PingIntelligence

Viewing ABS detailed reporting

The API Behavioral Security (ABS) Engine REST application programming interface (API) interface provides access to a range of JavaScript Object Notation (JSON) reports on attacks, metrics, and anomalies.

About this task

To view these reports, Ping Identity provides templates that can be loaded into Postman to simplify viewing of the JSON reports.

To install and configure Postman software:

Steps

  1. Download and install the Postman application 6.2.5 or later.

  2. Download the API Reports Using Postman Collection from the Automated Docker Proof of Concept Installation section.

    ABS_5.0_Environment and ABS_5.0_Reports are files for Postman.

  3. Launch the Postman application. Make sure to disable SSL verification in Postman.

    Learn more in Using self-signed certificate with Postman.
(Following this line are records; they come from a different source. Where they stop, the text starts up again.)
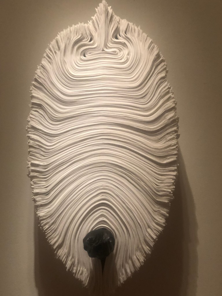 The tour was led by one of the museum curators who walked the tour group of about 20 through each of the pieces, shedding a little background and inspiration about the work and the story of its existence. One of my favorites was an Untitled, 2014 mixed media piece of cast bronze and cloth hand towels. The plate card read, “Casting his own arm in bronze, Cave assembles an object that speaks to the position of servitude that many African Americans have been forced to endure throughout history. The stack of neatly pressed white towels, similar to those found in a fancy restroom, forms a pattern that echoes the rings of a tree. The stack suggests the crushing number of years that black people, including the artist’s grandmother, have devoted to being in service to whites.” This piece was Courtesy of the artist and Jack Shainman Gallery, New York. Loved it.
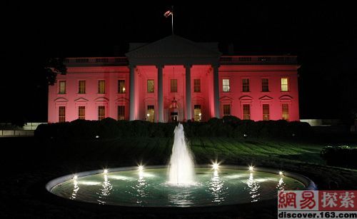 在乳腺癌防治月,世界超过200个国家的标志性建筑都亮起粉红色灯,加深人们对乳癌的重视,白宫也不例外,图为白宫粉红色的灯光
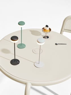 Cheerio lampa stołowa dodaje dodatkowy akcent przytulności, gdy spotykasz się z przyjaciółmi lub rodziną. Lampa na baterie jest ładowalna i dzięki bezprzewodowej konstrukcji można ją używać wszędzie, zarówno wewnątrz, jak i na zewnątrz. Dzięki ciężkiej stalowej podstawie Cheerio stoi stabilnie i mocno. Użyj na przykład lampy LED na swoim stole jadalnym, kuchennym, kawowym, nocnym lub na zewnątrz na balkonie czy w ogrodzie.

  4. Import the downloaded reports files by clicking the Import button.

    A screenshot of the Import button in Postman.

  5. Click the Gear icon in the top-right corner.
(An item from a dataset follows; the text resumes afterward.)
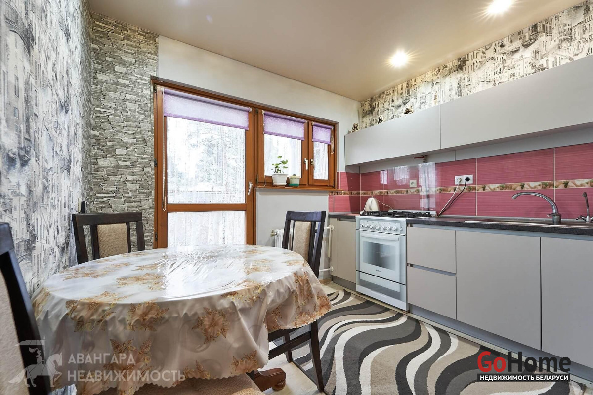 В квартира сделан свежий ремонт на кухне, в ванной комнате и детской. При ремонте использовали импортные, строительные материалы для внутренней отделки. Цветовая гамма выдержана в одном тоне. На кухне установлена современная кухня, рабочий фартук уложен новой плиткой. В ванная комната облицованы стены и пол. Натяжной потолок в детской комнате и на кухне. В комнатах и коридоре на полу паркет. По всей квартире установлены деревянные стеклопакеты.

  6. In the pop-up window, click ABS_5.1_Environment.

  7. In the Edit Environment pop-up window, configure the following values and click Update:

    Value Description

    Server IP Address

    IP address of the Docker machine

    Port

    Default is 8080

    Access_Key, Secret_Key

    Default Access_Key is abs_ak and default Secret_Key is abs_sk

    API_Name

    The name of API to view in reports

    Later_date, Earlier_date

    A range of dates to query

  8. In the main Postman app window, select the report to display in the left column and then click Send.
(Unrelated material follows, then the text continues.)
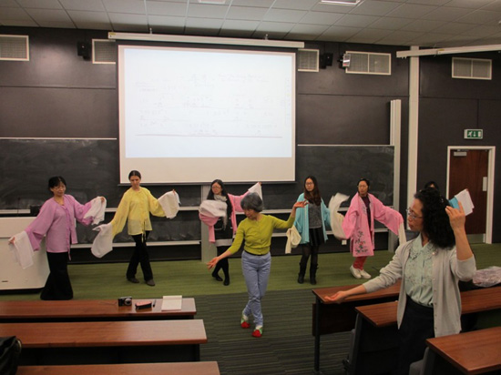 在实践环节中,李惠馨老师示范了水袖、扇子、马鞭等昆剧基本道具的使用。她介绍道,昆剧袖子前端的一截白绸即称“水袖”,水袖柔美飘逸,利用它可以做出千变万化的身段动作,来展示昆剧中各人物的不同情感。在座不同年龄来自不同国家的师生也体验了一把昆剧中的折袖动作。之后,李老师以短句“好天气也”为例,带领大家学习了昆曲的基本声乐技巧,其曲调行腔优美、缠绵婉转、柔漫悠扬。最后,她现场演绎了昆剧名曲《寻梦》,绣花鞋、兰花指、大长袍,综合了这些极具特色的元素,再次掀起一轮艺术震撼。近两个小时的讲座让听众感受了中国明清时期“百戏之祖”昆曲曲艺的韵味,余音绕梁。

    A screenshot of the main Postman page.

Next steps

Other reports that can be generated for a specified timeframe include the following. Make sure to specify a time range that covers the time that you ran the attack scripts.

Report Description

Metrics

Shows all activity on the specified API.

Attacks

(set Type=0) Shows a list of all attack categories and client identifiers (for example, token, IP address, cookie) associated with the attack.

Backend Errors

Shows activity that generated the errors.

IP Forensic Info

Set the IP address to an attacker identified in the Attacks report. Shows all API activity for the specified IP.

Token Forensic Info

Set the token address to an attacker identified in the Attacks report. Shows all API activity for the specified token.